Australian rules footballer

Paul Tuddenham (born 14 September 1967) is a former Australian rules footballer who played with Collingwood in the Victorian/Australian Football League (VFL/AFL).

==Family==
Tuddenham's father Des was a Collingwood captain and is the ruck-rover in their Team of the Century.

==VFL/AFL career==
An Xavier College recruit, Tuddenham first broke into the Collingwood seniors late in the 1987 season and played nine games in 1988, including a qualifying final. In 1989 he made 10 appearances, but his season ended in round 14 when he tore a hamstring against Footscray. The following year Tuddenham played 10 games in the home and away season, but missed the finals series, which concluded with Collingwood ending their premiership drought.
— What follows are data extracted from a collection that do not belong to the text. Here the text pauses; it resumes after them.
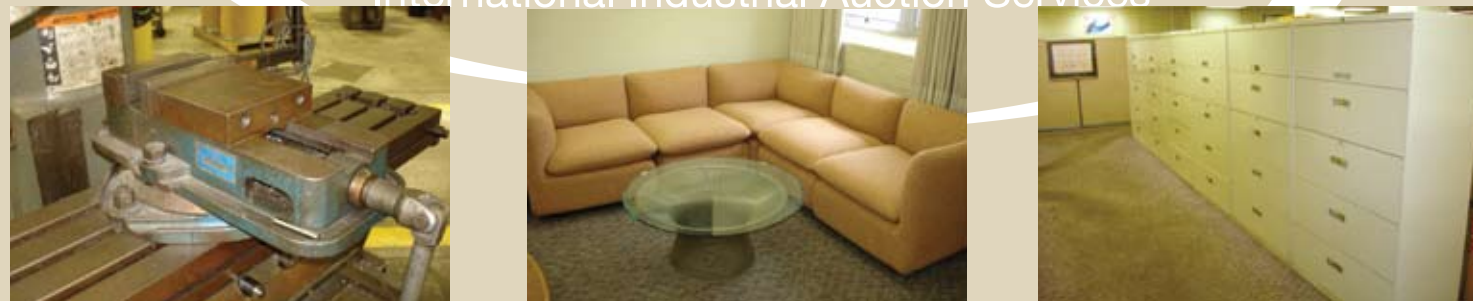
LG. QTY. OF MACHINE TOOLING HIGH END EXECUTIVE FURNITURE (OVER 30) LIKE NEW LATERAL FILE CABINETS
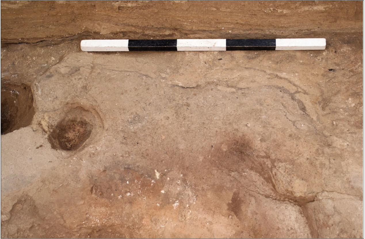
Figure S14.8. South-facing photograph, hearth (units 21995 and 21927).
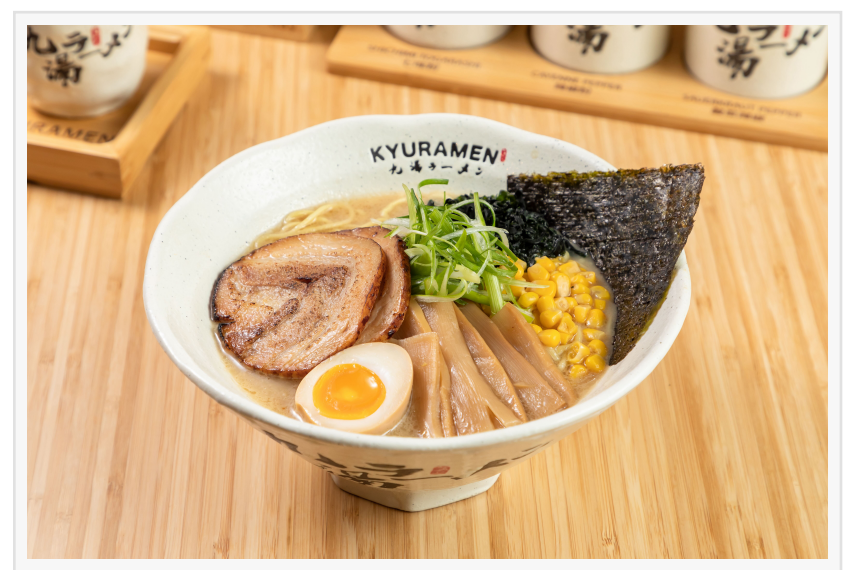
#1 Toyko Tonkotsu Shouyu Ramen (Best Seller)

The first Kyuramen opened in New York City in 2019 with it's signature dish, the #1 Tokyo Tonkotsu Shouyu Ramen, which now has sold over half a million bowls nationwide. Within five years, Kyuramen has expanded to 40 locations around the United States and amassed over 151k Instagram followers.
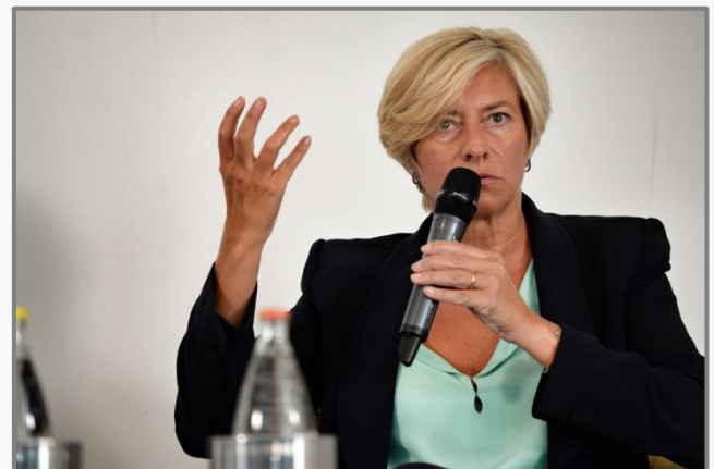
Defense Minister Roberta Pinotti.
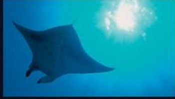
Nature The Blue Planet Making Waves

Early in the season he had kicked four goals in successive weeks, against Sydney and Footscray. He played nine senior games in 1991 and ended the year badly by rupturing his ACL while training with the reserves. Carlton picked him up in the 1992 Pre-season Draft and he appeared in 13 reserves games for them in 1992.

==Later career==
After playing for Prahran in the Victorian Football Association, Tuddenham returned to Xavier College and was a member of the 1995 Old Xaverians VAFA premiership team.